Earlier this week, both nations signed a revised CEPA, when South Korean President Moon Jae-in visited New Delhi. Under the agreement, Seoul decided to slash import duties for 17 Indian exports while India did the same for 11 Korean exports for the next 8-15 years.
For India, this is positive for exporters of shrimps, popcorn and beer, which will see import duties in Korea eventually eliminated. India has done the same for 11 items that primarily includes base oil, an important crude oil by-product, and Tuna.
Key among these concessions is the decision by South Korea to place Indian shrimp exports in the zero duty category immediately, as compared to the 20 per cent tariffs levied now. However, shipment of only 15,000 tonnes of India's biggest marine export to the country has been exempt from import taxes. The total exports to Korea is around 24,000 tonnes.
"When we had started the initial review of CEPA, the average utilisation of the deal by Indian exporters was 30 per cent.
That has gone up to 40 per cent this year. The reason behind this was lack of market access, but we are now focusing on securing access for many products," the official said.
Apart from mangoes, it aims to open up the Korean market for other agri products. India has also begun an investigation to identify imports, the tariffs for which are currently below Most Favoured Nation (MFN) rates. MFN rates are base import duty rates applicable to all nations, if not otherwise mentioned. It has been found that in certain cases, India's MFN rates are lower than even the rates prescribed under bilateral trade deals, such as CEPA.
Domestic business contends that India's exports lack enough room to succeed in Korea in major sectors, while import continues to rise at a fast clip. Currently, 78 per cent of items from India’s list of goods and 88 per cent from the Korean list are placed in the zero-duty category.

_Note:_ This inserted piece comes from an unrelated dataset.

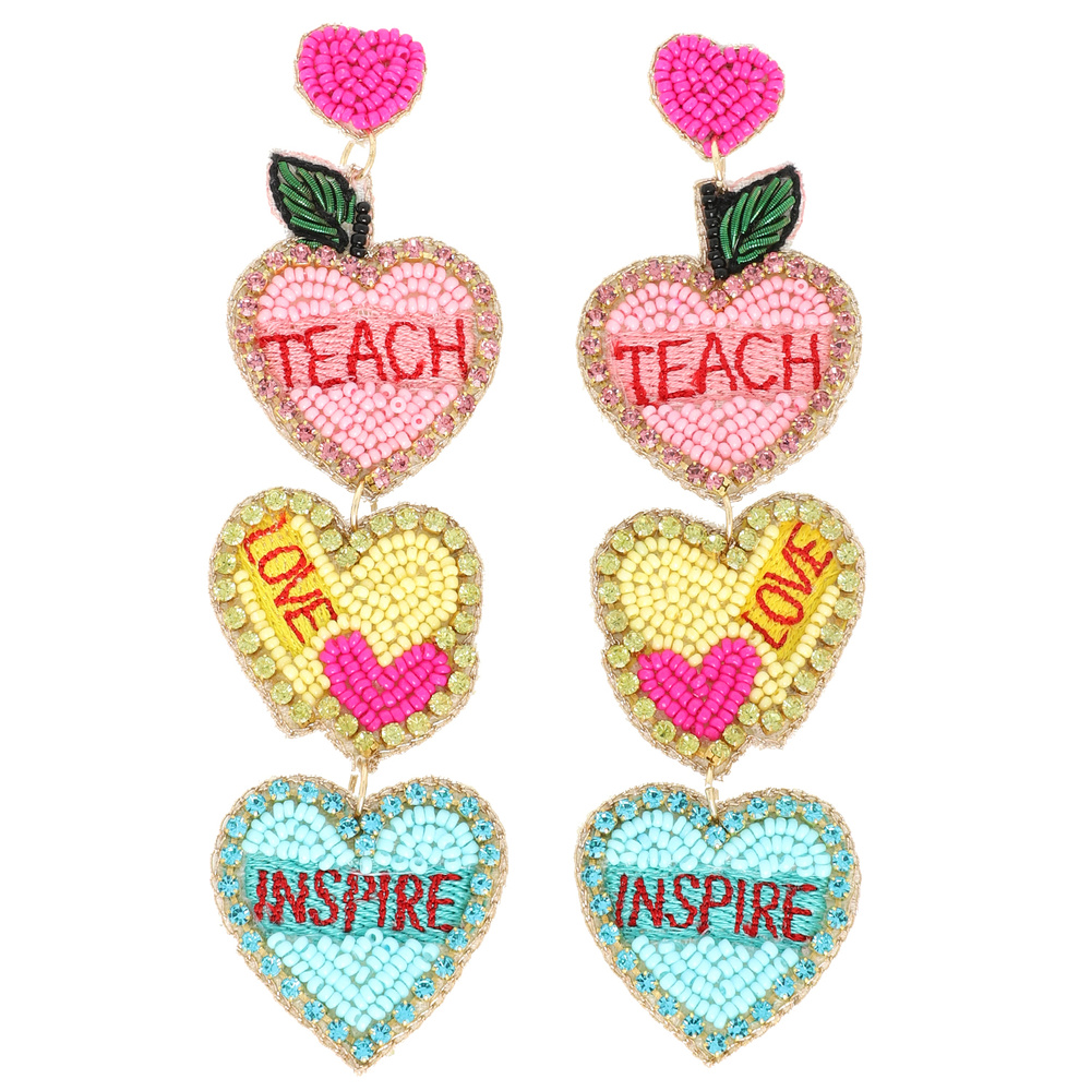 4-TIER HEART SHAPED APPLE"TEACH, LOVE INSPIRE" TEACHER APPRECIATION CRYSTAL RHINESTONE BEADED EMBROIDERY LONG DROP EARRINGS

India's ability to export more items under both CEPA agreements—the other being with Japan—have remained low. Any move by India to widen the CEPA runs the risk of further angering domestic exporters, where the claim is that the pact has disproportionately helped Korean counterparts. India's export to South Korea was $4.4 billion in 2017-18, registering an annual growth of 5.2 per cent. Import from Korea was four times larger at $16.4 billion, and rose 30 per cent in FY18.
Imports are concentrated in areas of electronics and heavy machinery, focusing on products for which India has few production capabilities.
All new tariff rates will go live once the government has secured statutory approvals from the Cabinet, which is expected soon, the official said. This will hold for other parts of the agreement in the services trade sphere as well.
While Seoul has decided to allow Yoga instructors from India to travel, set up and operate Yoga training centres in the country, New Delhi has reciprocated by allowing the same for Taekwondo teachers from Korea.